Life is really very bittersweet. You go to the hospital to have major heart surgery; you are there several days during your recovery. You are cleared to come home and get on with rehabilitation, but a setback occurs within a few days, and you are smack back in the hospital again. You go into knee replacement surgery encouraged and excited that the end is certainly near for the pain you have been experiencing. However, the recovery and rehabilitation does not go as planned and the result leaves you worse than where you started. You choose with hope and anticipation to have an esophageal implant that will allow you to speak again. Only the tissue surrounding the implant has chronic inflammation which retains fluid, rendering the implant virtually useless.
Bittersweet is hope, but with an ache. It’s that chocolate in the box of candy you choose, that has no sugar once you bite in.
Today is a bittersweet day. Today we remember two years ago that Chris could speak and articulate well. We remember the jokes, the commentary, and the broadcast refined tone and projection. We remember the WOO. Chris has the natural talent of WOO. It’s described as Winning Others Over. Chris enjoys the challenge of meeting new people and getting to know them. Strangers are rarely intimidating to him. He is accomplished and skillful in a social setting. He just loves to break the ice and go from person to person in a roomful of people. He is unquestionably adept at striking up a conversation and building rapport. People with WOO are rarely at a loss for words.

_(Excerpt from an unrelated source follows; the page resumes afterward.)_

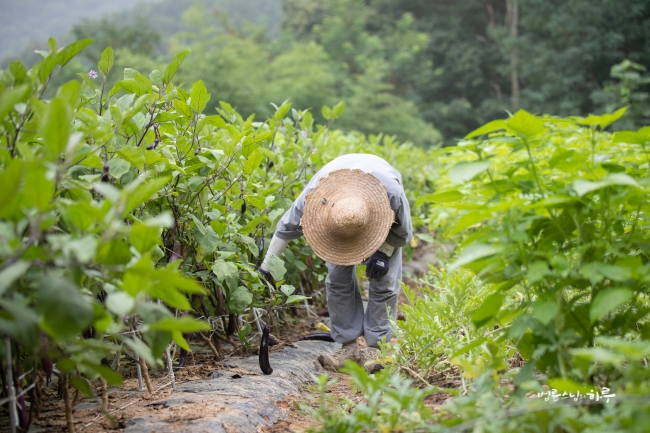 한참 풀을 베다 일을 마쳤습니다. 수확물을 들고 밭을 내려왔습니다.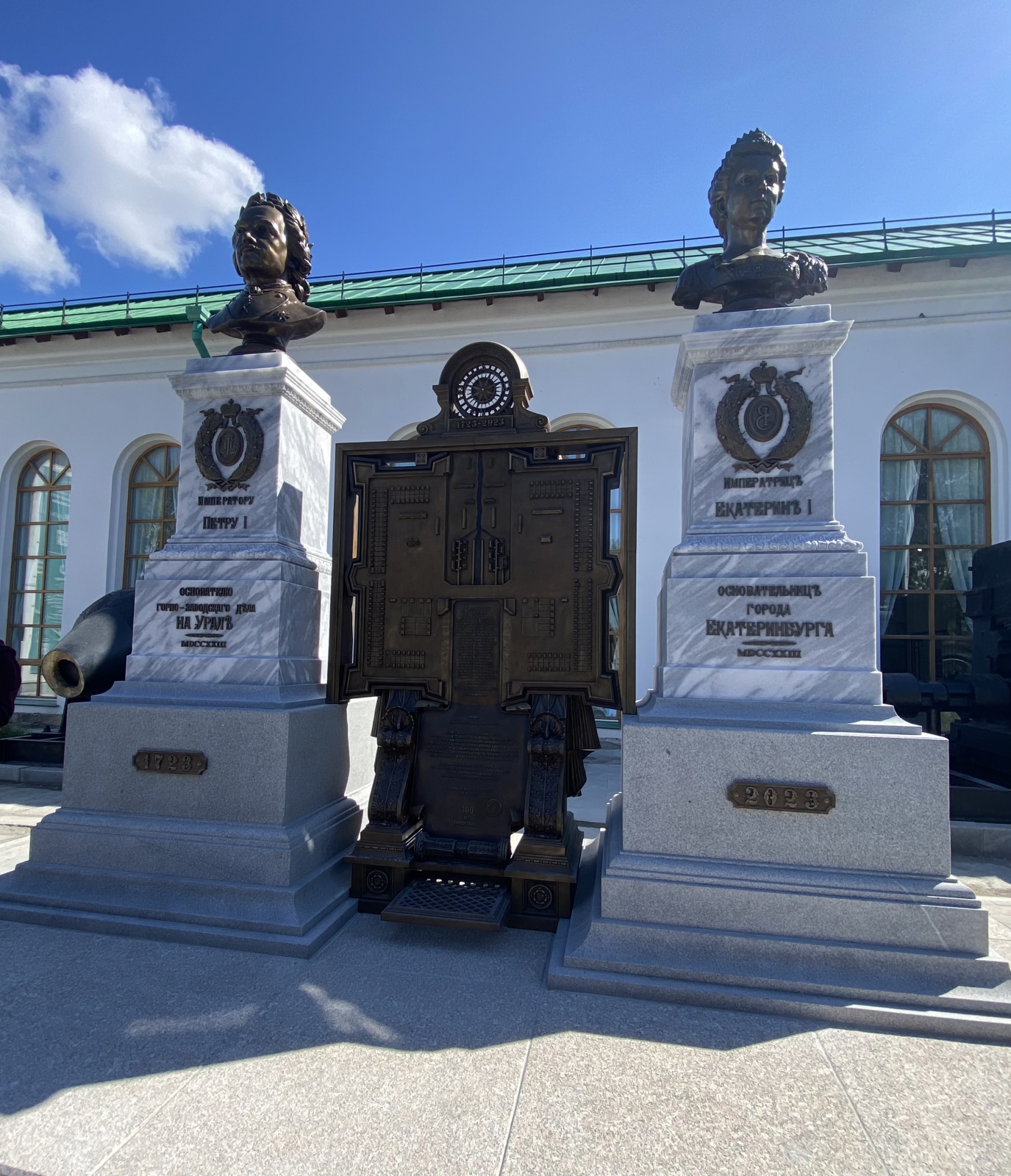 К 300-летию города памятники воссозданы творчеством большого авторского коллектива Уральского архитектурного университета при поддержке городских властей. Как рассказал руководитель и один из авторов проекта, ректор УрГАХУ Александр Долгов, от оригинальных фигур сохранился только постамент, на котором стоял бюст Петра I. В 1992 году по решению Главы Екатеринбурга Аркадия Чернецкого памятник был восстановлен. Сейчас он перемещен в зал музея архитектуры и дизайна, который теперь будет называться Петровским.

September 20, 2020 changed all that. After Chris realized he was alive and had come through the surgery and was now in ICU. After the bevy of health care specialists each had performed their role to perfection and left the room. After the anesthesia began to wear off and he realized it was just the two of us in the room together. He then motioned for me to get his whiteboard. What he wrote on the board was absolutely heartbreaking: How will I do WOO?
All of us go through negative emotions. “But the healthiest are those who don’t ignore or repress the emotion, but instead transform it into healing, or innovation, or creativity–anything that nourishes the soul,” says author Susan Cain in her new book, Bittersweet. One of our strongest instincts as higher intellectual beings is compassion–relieving the suffering of others. In these two years we have seen that compassion come out in spades. We are so thankful for each and every one of you. Suffering, research has found, is best done together.
We’ve had another scare with Chris’s health. A sore throat is the trigger that something ugly could be growing again. Chris has had a sore throat for weeks. It’s one of those things he could ignore, repress, or put off. Or easily justify away. But he drove to the doctor’s office one day, walked in, shared his situation, and got an appointment. The appointment was scheduled for the next day. Now if that isn’t WOO, I don’t know what is!
Some words of relief we heard on that day were, “your throat is stable.” But we heard some other words that will keep Chris strong and carrying out his responsibilities for others of this bittersweet diagnosis that now defines his life. The words he heard were, “you are the only patient I have who has survived this long with this diagnosis. Nine years, and with a recurrence. There are no others.”
Chris, you are paving the way for others for longevity. You have not given up. Yes, life is tinged with sadness, yet it is sweet, so very sweet.